Exercise =>
Reproduce every record below word for word and include no pictures.

(Excerpts from a dataset)
--------

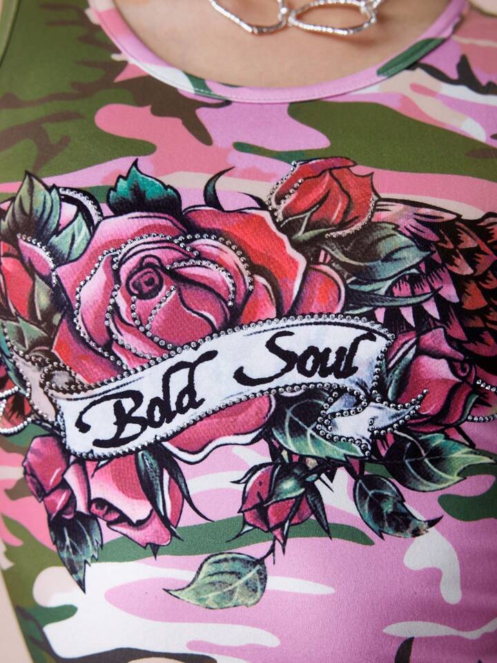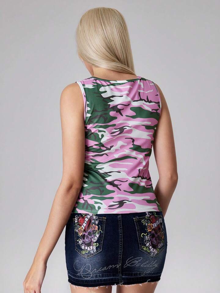 ROMWE Avant Women's Y2K Vintage Girlie Pink Camouflage Rose Flower Wing Rhinestone Tank Top
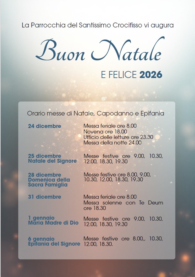 Nella locandina gli orari delle messe in questo tempo di festività.
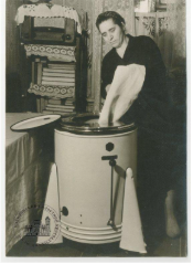 Стирка белья в стиральной машинке, 1954 г.
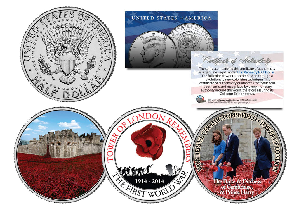The Blood-Swept Lands and Seas of Red installation at the Tower of London was made with 888,246 hand-made ceramic poppies with each representing the death of a British and Commonwealth soldier during World War One. Here is your chance to own the TOWER OF LONDON REMEMBERS THE FIRST WORLD WAR complete set of three (3) colorized JFK Kennedy Half Dollar U.S. Coins. These high-quality, genuine Legal Tender United States coins have been colorized using a unique painstaking multicolor authentic process by the Merrick Mint. Colorizing coins involves the unique application of special inks directly to the surface of a coin that achieves a level of detail, color saturation, and durability that is #1 in the coin industry. The result is an everlasting colorized coin collectible of ultra-high quality. Each coin comes in a premium coin capsule. The 3-coin set comes with a Certificate of Authenticity to guarantee that your coins are authentic and recognized by every monetary authority around the world, assuring its Collector Edition status. The Kennedy half dollar is a U.S. fifty cent coin with coin year and mint marks chosen at random.
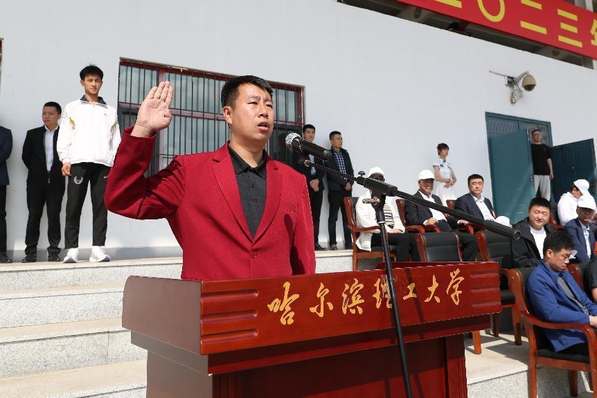 机械动力工程学院富清荣同学和体育教学部王春雨老师分别代表参赛运动员和裁判员宣誓。
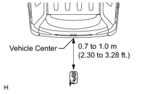 Hold the electrical key transmitter at the same height as the rear bumper upper surface and aligned with the center of the rear of the vehicle, as shown in the illustration.
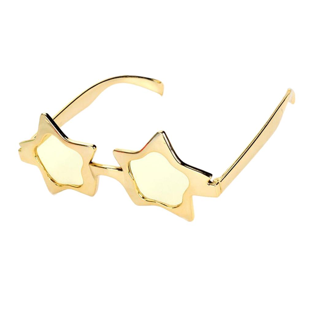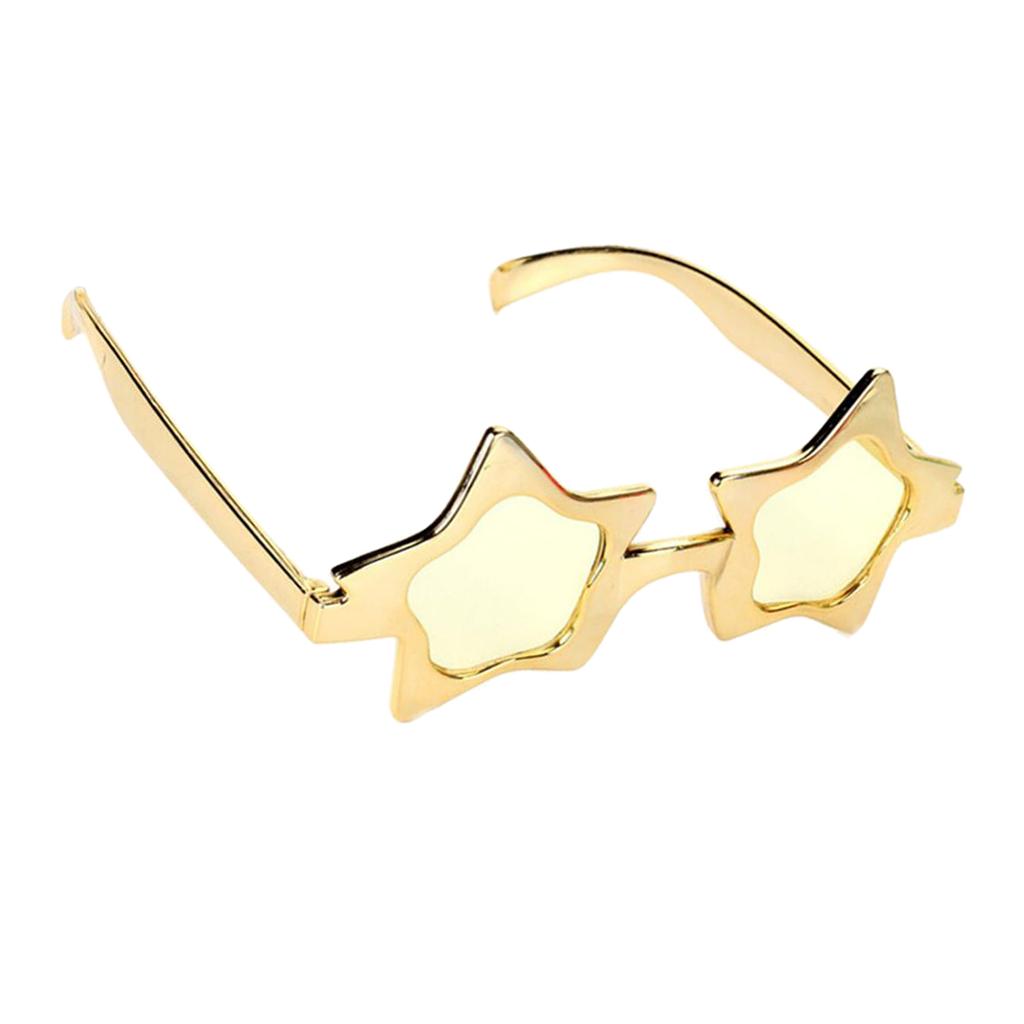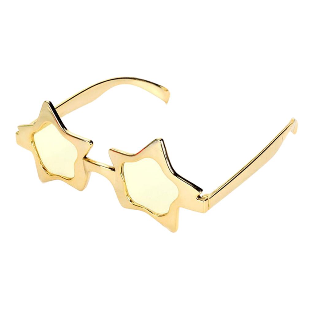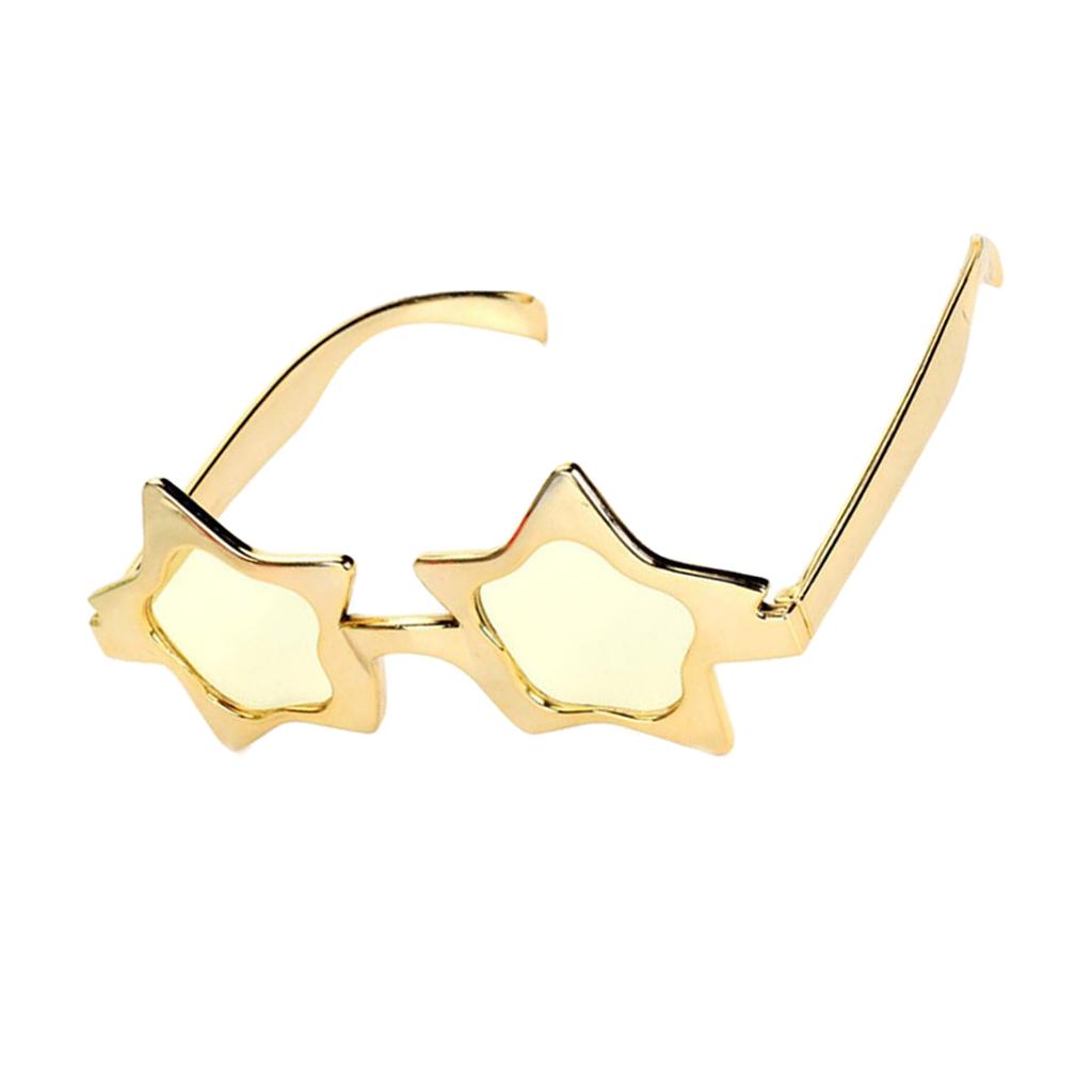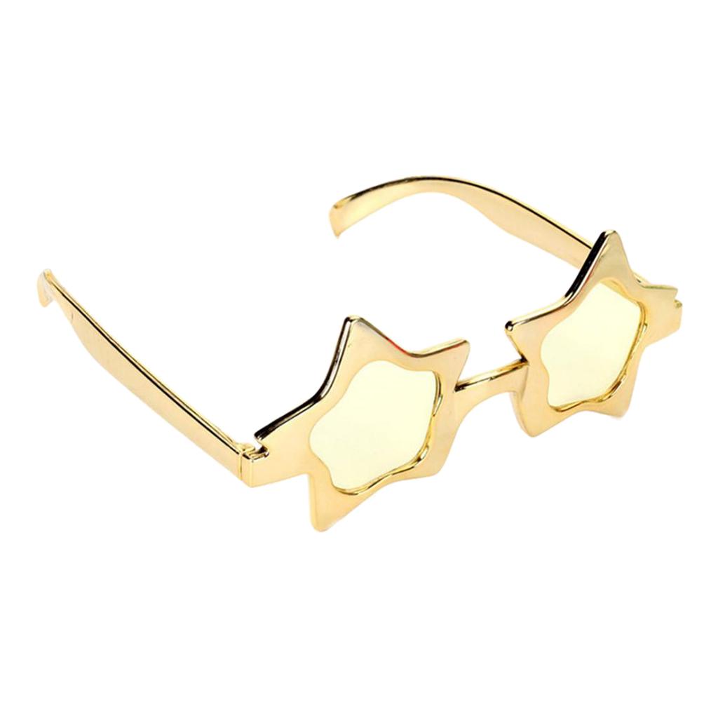 A piece of novelty eye glasses, shiny gold five-point star shaped, simple and cool design
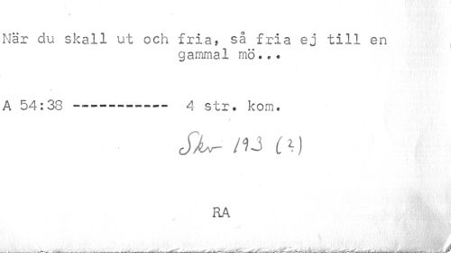 //// t //// När du skall ut och fria, så fria ej till en //// gammal mö•.• //// * //// A 54:38 ----¦------- 4 str. kom. //// i //// RA //// Å' //// ... — . ...„..,......------——_,—tx^mu____ . .y ////
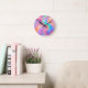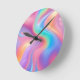 Trendy neon Pink Blue green abstract waves Round Clock
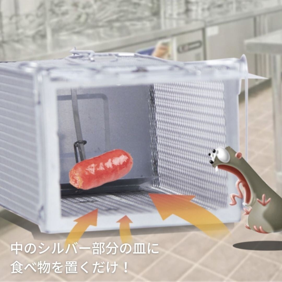 ネズミや鳥の通り道に仕掛けるだけで、捕獲できます。中にエサを置いておくとさらに効果的です
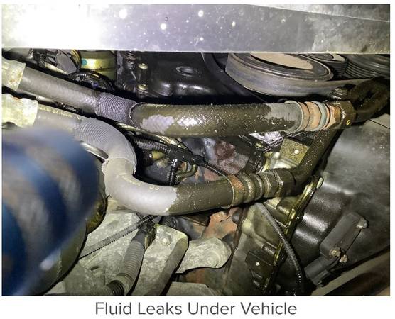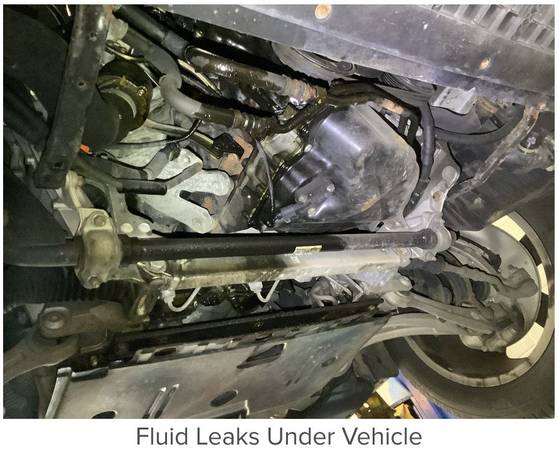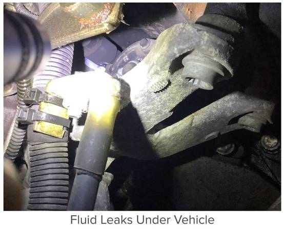 Attempt to start, makes a click then smokes from starter. Push into shop, test battery, discharged. Charge battery, attempt to start, same click no start problem. Hoist vehicle, attempt to turn engine by hand, it’s stuck. Get bigger tool to turn engine, it moved then became easier to turn by hand. Suspect engine got stuck and stalled, burned out starter trying to restart. Check oil, extremely dark, spillage around oil cap, leaking from multiple areas under engine. Check oil change sticker, two years 12000 past sticker. Scan test all modules for codes, numerous codes in multiple systems. Current pcm codes p3054 starter doesn’t run p0321 engine speed sensor. No further testing can be performed until engine can crank and start. Inspect starter, connector is melting. Need to remove starter to inspect wiring, starter will need replacement, wires may need repairs or replacement. Possible engine damage due to oil problems. Age and Condition of Tire(s) Tread Depth Below 3/32 Requires Replacement. License Plate Light Out."

--------

Result for this exercise =>
 ROMWE Avant Women's Y2K Vintage Girlie Pink Camouflage Rose Flower Wing Rhinestone Tank Top
 Nella locandina gli orari delle messe in questo tempo di festività.
 Стирка белья в стиральной машинке, 1954 г.
The Blood-Swept Lands and Seas of Red installation at the Tower of London was made with 888,246 hand-made ceramic poppies with each representing the death of a British and Commonwealth soldier during World War One. Here is your chance to own the TOWER OF LONDON REMEMBERS THE FIRST WORLD WAR complete set of three (3) colorized JFK Kennedy Half Dollar U.S. Coins. These high-quality, genuine Legal Tender United States coins have been colorized using a unique painstaking multicolor authentic process by the Merrick Mint. Colorizing coins involves the unique application of special inks directly to the surface of a coin that achieves a level of detail, color saturation, and durability that is #1 in the coin industry. The result is an everlasting colorized coin collectible of ultra-high quality. Each coin comes in a premium coin capsule. The 3-coin set comes with a Certificate of Authenticity to guarantee that your coins are authentic and recognized by every monetary authority around the world, assuring its Collector Edition status. The Kennedy half dollar is a U.S. fifty cent coin with coin year and mint marks chosen at random.
 机械动力工程学院富清荣同学和体育教学部王春雨老师分别代表参赛运动员和裁判员宣誓。
 Hold the electrical key transmitter at the same height as the rear bumper upper surface and aligned with the center of the rear of the vehicle, as shown in the illustration.
 A piece of novelty eye glasses, shiny gold five-point star shaped, simple and cool design
 //// t //// När du skall ut och fria, så fria ej till en //// gammal mö•.• //// * //// A 54:38 ----¦------- 4 str. kom. //// i //// RA //// Å' //// ... — . ...„..,......------——_,—tx^mu____ . .y ////
 Trendy neon Pink Blue green abstract waves Round Clock
 ネズミや鳥の通り道に仕掛けるだけで、捕獲できます。中にエサを置いておくとさらに効果的です
 Attempt to start, makes a click then smokes from starter. Push into shop, test battery, discharged. Charge battery, attempt to start, same click no start problem. Hoist vehicle, attempt to turn engine by hand, it’s stuck. Get bigger tool to turn engine, it moved then became easier to turn by hand. Suspect engine got stuck and stalled, burned out starter trying to restart. Check oil, extremely dark, spillage around oil cap, leaking from multiple areas under engine. Check oil change sticker, two years 12000 past sticker. Scan test all modules for codes, numerous codes in multiple systems. Current pcm codes p3054 starter doesn’t run p0321 engine speed sensor. No further testing can be performed until engine can crank and start. Inspect starter, connector is melting. Need to remove starter to inspect wiring, starter will need replacement, wires may need repairs or replacement. Possible engine damage due to oil problems. Age and Condition of Tire(s) Tread Depth Below 3/32 Requires Replacement. License Plate Light Out."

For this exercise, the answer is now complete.